* [What you should do]:
A verbatim reproduction of the lines below, from the line containing "Экскурсию провёл опытный" through the line containing "PremiumCord USB-C zahnutý", both ends included, is the whole required output.

------ Input

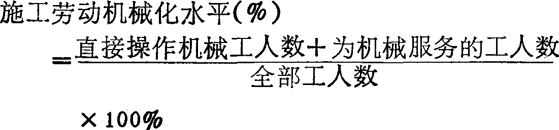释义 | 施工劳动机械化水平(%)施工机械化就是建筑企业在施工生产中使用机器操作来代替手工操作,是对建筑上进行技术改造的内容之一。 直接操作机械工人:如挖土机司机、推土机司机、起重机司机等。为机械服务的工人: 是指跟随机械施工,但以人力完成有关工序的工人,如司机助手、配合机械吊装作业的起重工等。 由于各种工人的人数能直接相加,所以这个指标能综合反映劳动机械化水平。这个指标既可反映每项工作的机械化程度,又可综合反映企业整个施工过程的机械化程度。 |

------------
------ Input

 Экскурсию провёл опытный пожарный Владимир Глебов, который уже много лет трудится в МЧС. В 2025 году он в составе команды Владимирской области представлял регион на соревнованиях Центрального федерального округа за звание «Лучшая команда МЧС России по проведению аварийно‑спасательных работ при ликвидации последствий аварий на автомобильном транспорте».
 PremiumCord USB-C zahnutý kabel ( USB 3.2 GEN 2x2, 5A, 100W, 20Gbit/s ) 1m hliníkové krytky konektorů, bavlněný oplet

------------
------ Input

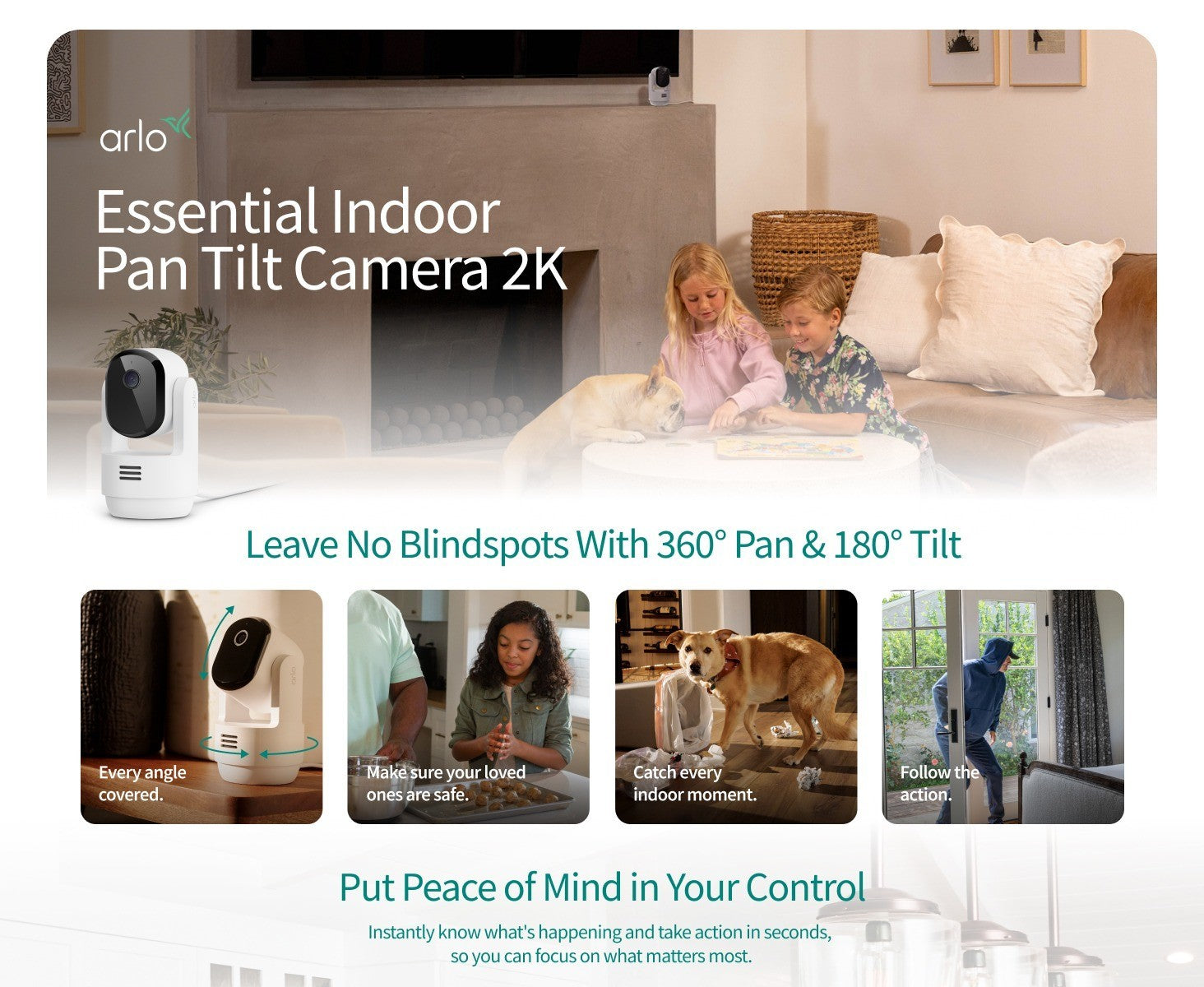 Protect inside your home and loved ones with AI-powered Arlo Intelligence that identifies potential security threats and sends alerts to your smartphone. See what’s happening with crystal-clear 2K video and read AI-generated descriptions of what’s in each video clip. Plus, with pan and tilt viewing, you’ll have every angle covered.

------------

* [Task result]:
 Экскурсию провёл опытный пожарный Владимир Глебов, который уже много лет трудится в МЧС. В 2025 году он в составе команды Владимирской области представлял регион на соревнованиях Центрального федерального округа за звание «Лучшая команда МЧС России по проведению аварийно‑спасательных работ при ликвидации последствий аварий на автомобильном транспорте».
 PremiumCord USB-C zahnutý kabel ( USB 3.2 GEN 2x2, 5A, 100W, 20Gbit/s ) 1m hliníkové krytky konektorů, bavlněný oplet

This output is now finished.